Peg and Bill moved to Harpswell in the 1980s. When Bill died in 2008, the couple had been married for 62 years.
Today, Peg wears hearing aids and gets around with the help of a wheeled walker.
“I get my own breakfast and lunch. I still wash the dishes,” she says.
She reads the print edition of the Sunday New York Times from cover to cover. She is concerned by the divisiveness in America.
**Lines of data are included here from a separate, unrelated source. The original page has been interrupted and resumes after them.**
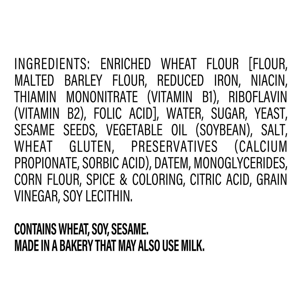 Enriched Wheat Flour [Flour, Malted Barley Flour, Reduced Iron, Niacin, Thiamin Mononitrate (Vitamin B1), Riboflavin (Vitamin B2), Folic Acid], Water, Sugar, Yeast, Sesame Seeds, Vegetable Oil (Soybea…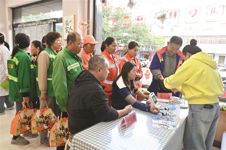 “之前總覺得腰不舒服忍忍就過去了,今天才知道是姿勢不對導(dǎo)致的勞損,還學會了幾個拉伸動作,太實用了!” 環(huán)衛(wèi)工人吳翻娥忍不住和身邊的同事分享。宣講結(jié)束后的義診環(huán)節(jié),更是人氣十足,醫(yī)護人員擺開血壓儀、血糖儀,為到場的戶外勞動者逐一檢查身體,并針對每個人的身體狀況耐心分析,提供個性化健康建議——從飲食調(diào)理到作息安排,從職業(yè)病預(yù)防到用藥指導(dǎo),讓勞動者在家門口享受到便捷醫(yī)療服務(wù)。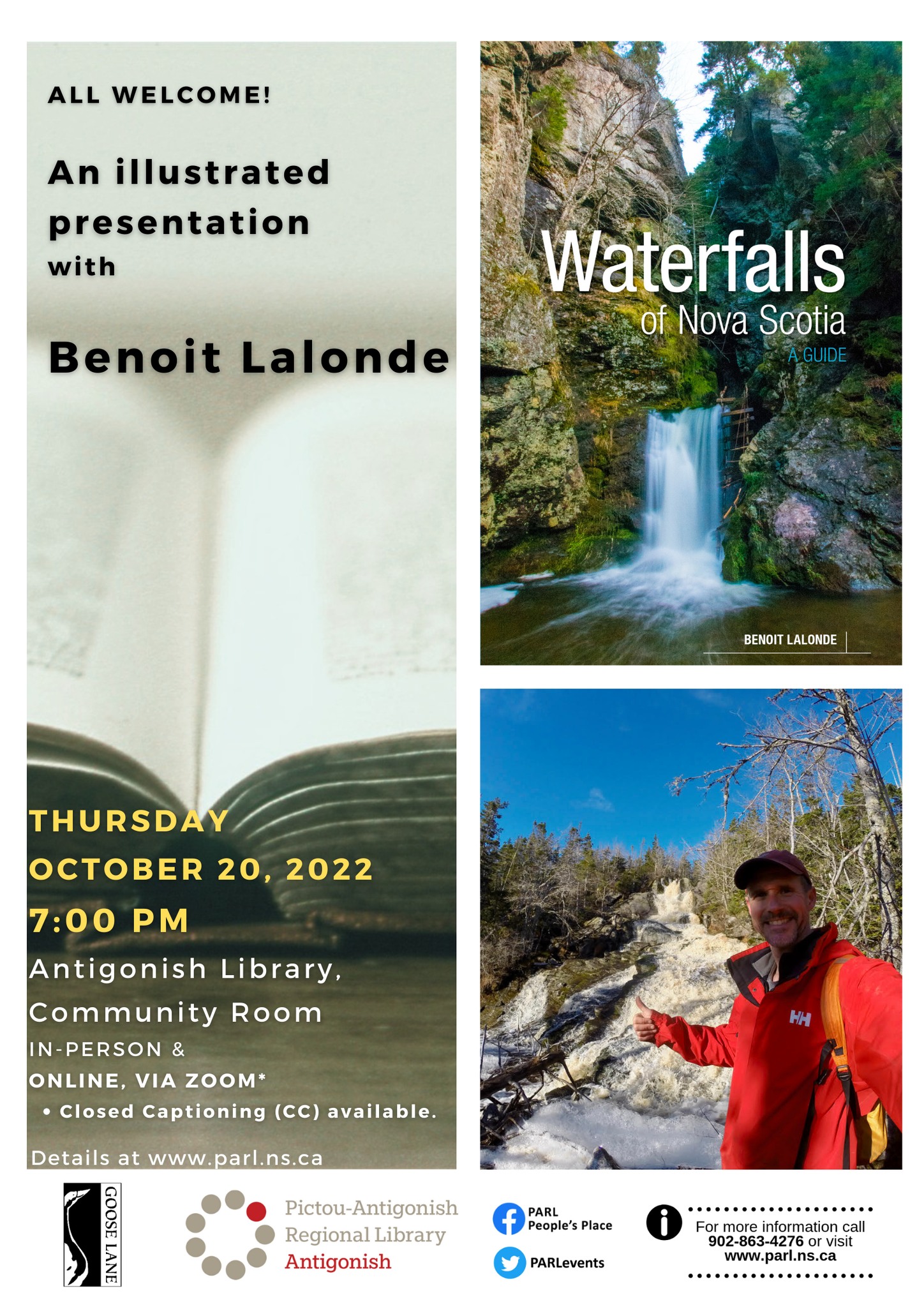 All are welcome to join us this evening for an illustrated presentation with local photographer, author, and adventurer, Benoit Lalonde, as he shares with us, one of his recently published guide books– “Waterfalls of Nova Scotia”.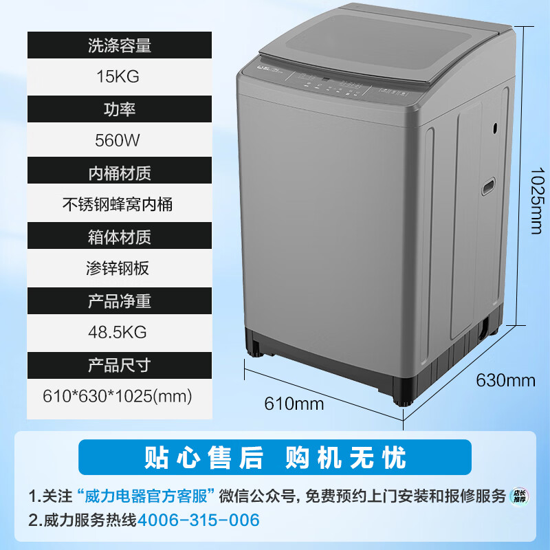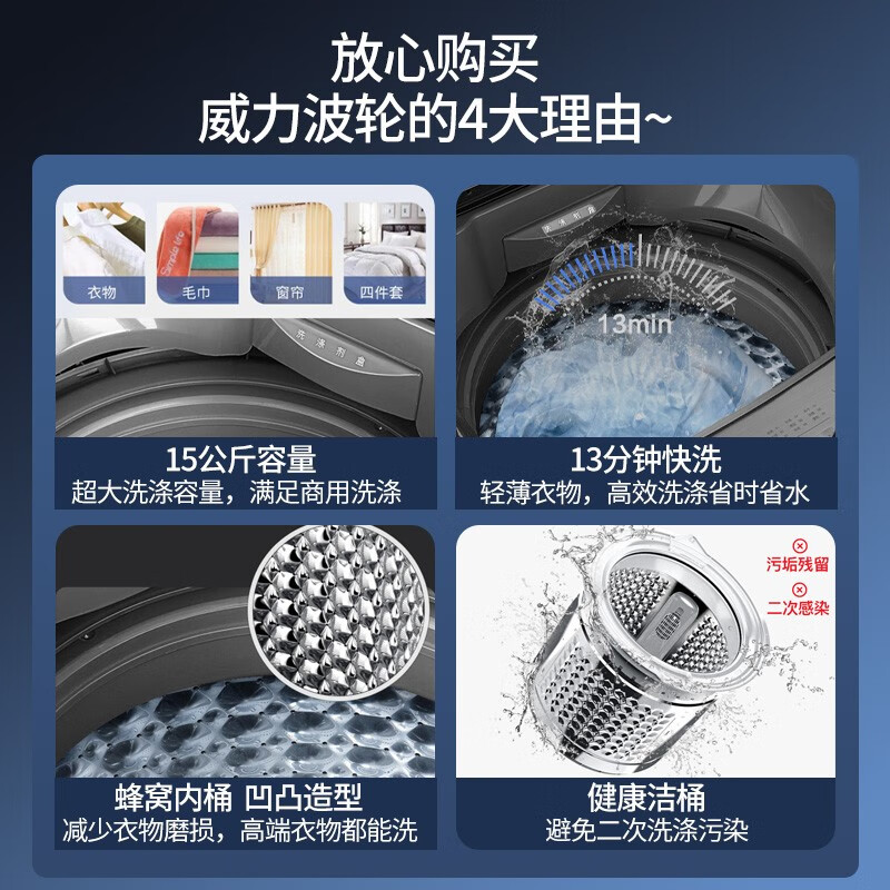 威力(WEILI)15公斤 波轮洗衣机全自动 大容量家用 量衣判水 护衣防缠绕 耐腐箱体优质电机 XQB150-2119X小毛毯到手价格1790.1元。

“I don’t think hope is enough,” she says. “We really have to work at this. I’m sorry I won’t be here to help.”
At the end of the day, she wants people to know she’s had a good life. “I had a lot of love. I gave it and received it.”
She wonders about heaven. “The thing that bothers me is that there won’t be anything to do up there. Do I just float around? I don’t think God is a person. God is love. The way most people feel, it’s going to be an awfully crowded place.”
In the meantime, her advice? “Just keep being curious. If you stop being curious, what’s the sense of being around?”